A comparison between the measurements and MoM simulated results of the near-field RCS is presented in Figure 5. As expected, the maximum value was obtained at broadside direction (θ = 0°). In this case, the transmitted signal was directly reflected by the internal short-circuit of the rectangular waveguide and received by the radar module. However, when the open-cavity structure was analyzed for different incident angles (when the target started to rotate), the transmitted signal suffered multiple reflections and bounces. Therefore, the monostatic RCS response of the cavity structure showed several lobes around the broadside direction.

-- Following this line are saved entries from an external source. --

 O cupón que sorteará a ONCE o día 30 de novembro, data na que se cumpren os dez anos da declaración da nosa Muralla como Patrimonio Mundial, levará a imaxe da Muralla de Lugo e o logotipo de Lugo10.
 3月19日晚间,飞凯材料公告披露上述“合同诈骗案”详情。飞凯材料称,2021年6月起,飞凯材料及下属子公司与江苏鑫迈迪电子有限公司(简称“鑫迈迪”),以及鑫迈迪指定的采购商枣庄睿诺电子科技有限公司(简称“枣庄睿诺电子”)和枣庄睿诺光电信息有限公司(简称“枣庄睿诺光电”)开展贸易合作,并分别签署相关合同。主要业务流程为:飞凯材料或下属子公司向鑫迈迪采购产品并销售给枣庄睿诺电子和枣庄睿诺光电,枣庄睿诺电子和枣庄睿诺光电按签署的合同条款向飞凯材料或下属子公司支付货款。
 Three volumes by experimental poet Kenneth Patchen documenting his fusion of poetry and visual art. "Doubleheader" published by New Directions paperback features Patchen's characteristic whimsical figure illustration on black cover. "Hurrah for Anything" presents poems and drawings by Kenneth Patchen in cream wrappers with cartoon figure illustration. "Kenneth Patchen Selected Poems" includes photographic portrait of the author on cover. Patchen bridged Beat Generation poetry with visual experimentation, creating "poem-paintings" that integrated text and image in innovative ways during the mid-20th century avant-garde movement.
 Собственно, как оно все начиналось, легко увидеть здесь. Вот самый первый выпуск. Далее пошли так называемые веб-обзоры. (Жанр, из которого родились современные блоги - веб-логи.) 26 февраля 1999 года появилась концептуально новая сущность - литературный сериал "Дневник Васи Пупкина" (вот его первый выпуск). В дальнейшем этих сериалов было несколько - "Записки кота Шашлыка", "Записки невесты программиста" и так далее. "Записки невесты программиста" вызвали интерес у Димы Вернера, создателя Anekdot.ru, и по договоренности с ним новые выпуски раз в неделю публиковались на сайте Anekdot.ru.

Finally, a pair of maximum RCS values was achieved at θ = −90° and θ = +90° because the transmitted signal was totally reflected by the external sidewall of the structure (the signal did not penetrate into the cavity in this case). A comparison with results obtained using GTD–PO is not presented because, except for the main lobe, the GTD–PO results were not accurate enough for this deep cavity.
An acceptable similarity between simulations calculated by MoM and the measurements was observed, although some differences were found. The amplitude of the measured RCS in the broadside direction (θ = 0°) was slightly greater than the simulated responses. In the measurement process, the incident field on the target Ei was estimated by the FMCW radar at 5.85 m distance, taking into account the fact that the transmitted signal was reflected by the internal short circuit positioned at the back of the horn. However, in the simulations, the incident field on the target was computed at 5.85 m, where it was placed on the rotation axis in the measurements. This difference in the estimation of the incident field value, with the MoM estimation being greater, meant the measurement values were greater than the computations. Nevertheless, it is considered that the presented results show great concordance between them.

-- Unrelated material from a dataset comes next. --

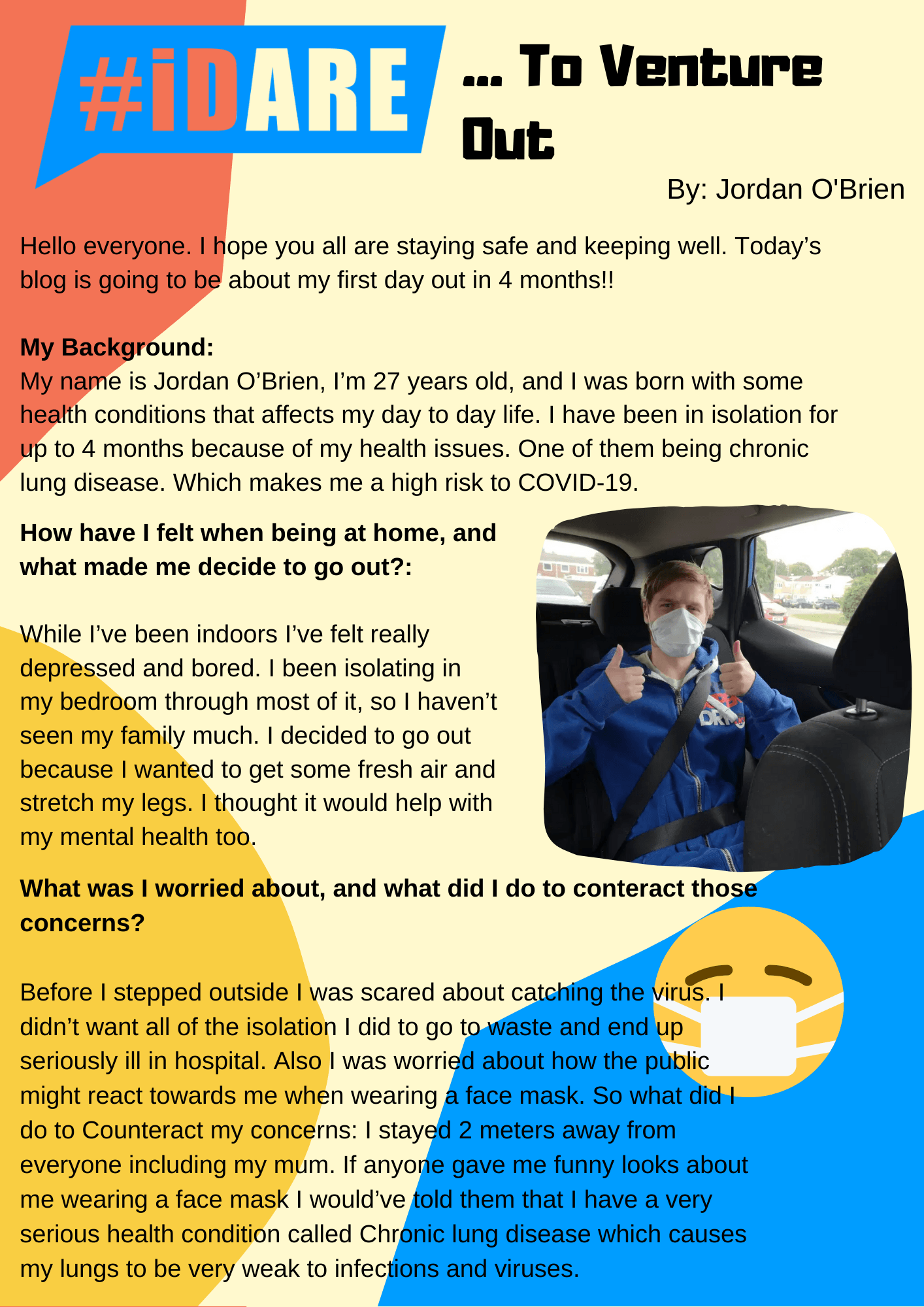 Hello everyone. I hope you all are staying safe and keeping well. Today's blog is going to be about my first day out in 4 months!! My Background: My name is Jordan O'Brien, I'm 27 years old, and I was born with some health conditions that affects my day to day life.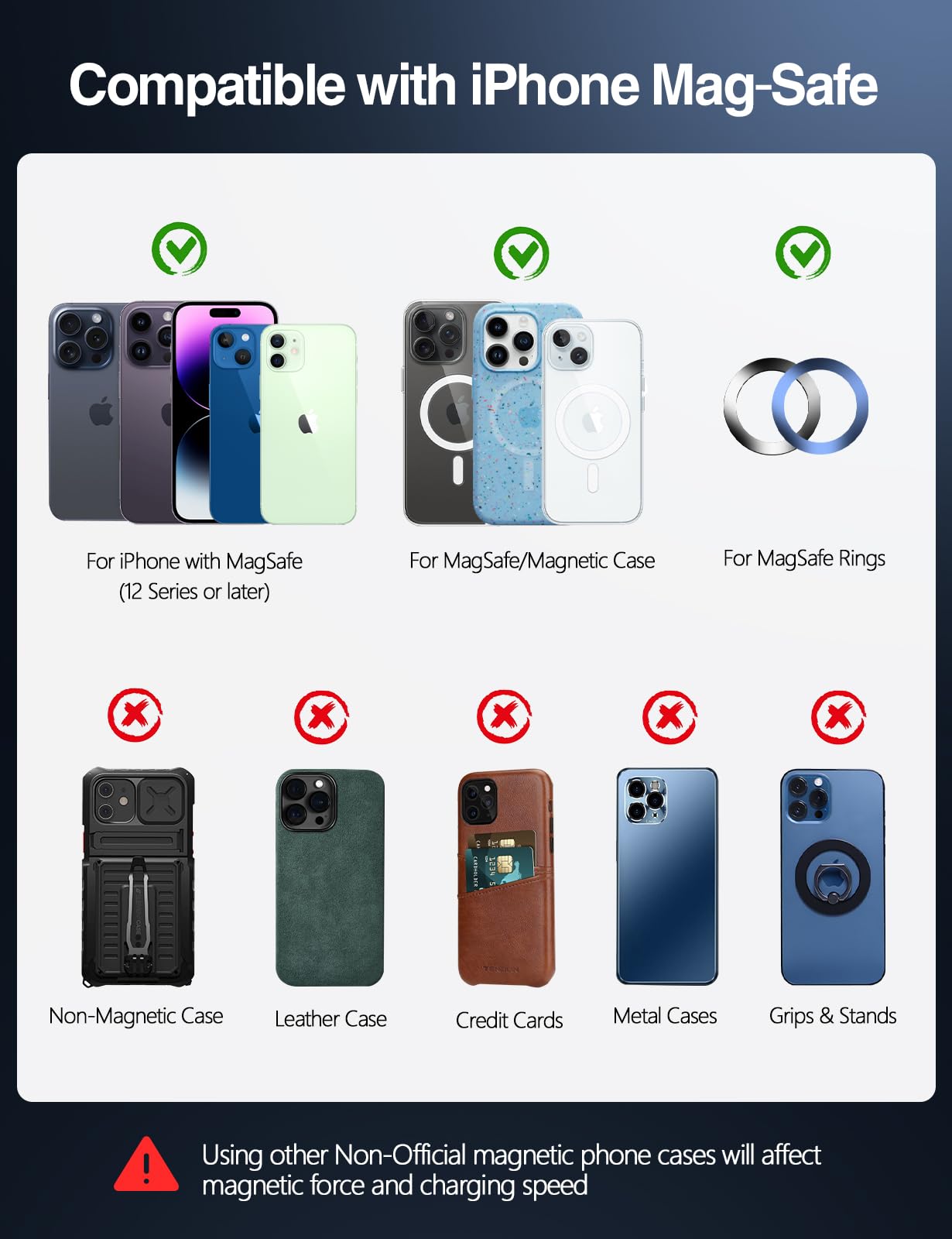 - Made for MagSafe: Compatible with iPhone 16/15/14/13/12 series caseless or with magnetic cases; Incompatible with the non-magnetic cases, even thin cases; For iPhone 8-11 series, Galaxy, Pixel, and LG, the phones must come with magnetic cases

4.2. Metallic EBG Structure

The monostatic RCS of a double-stacked metallic grille structure was analyzed next. The detail of this prototype is shown in Figure 6a. It consisted of a 35.4 × 35.4 cm2 double metallic grille conformed by 24 × 24 equally spaced holes, which were positioned on top of a metallic flat ground at the distances shown in the figure. An EBG structure that follows a periodic pattern capable of cancelling specific electromagnetic waves depending on their frequency was used. It was designed for an antenna application at 9.8 GHz. However, in this work, we analyzed its RCS at 24 GHz.
Figure 6b shows the experimental response of the near-field RCS compared to the RCS simulations calculated in newFASANT (MoM and GTD–PO). All the RCS curves showed three differentiated lobes. The one aiming at θ = 0° was caused by the direct reflection of the metallic flat ground that acted as a reflector, and the other pair of lobes aiming at θ = ±30° was generated by the presence of the double metallic grille. The main difference occurred in the maximum level of the two lobes produced by the metallic grille (at θ = ±30°). The main reason for these differences between MoM simulations and the measurements might be the resonance phenomena. The measurement of the FMCW radar module considered a distance greater than the 5.50 m between the radar and the target.
In addition, both the simulated and measured results of Figure 6b clearly showed the different behaviors of the RCS of a conventional metallic flat and the RCS of a double metallic grille. In order to experimentally compare both structures, the monostatic RCS of a simple metallic flat with similar dimensions to the metallic grille structure was also measured. The results for the near-field RCS of these structures in the angular range from θ = −90° to θ = +90° are shown in Figure 7. The double metallic grille structure showed a pair of lobes at θ = ±30°, which was not found in the simple metallic flat measurements. Taking into account the fact that the measurements were made under the same conditions (the metallic grille structure was first measured, and the metallic flat was then positioned on top of it), there is no doubt that the two side lobes were generated by the presence of the double metallic grille.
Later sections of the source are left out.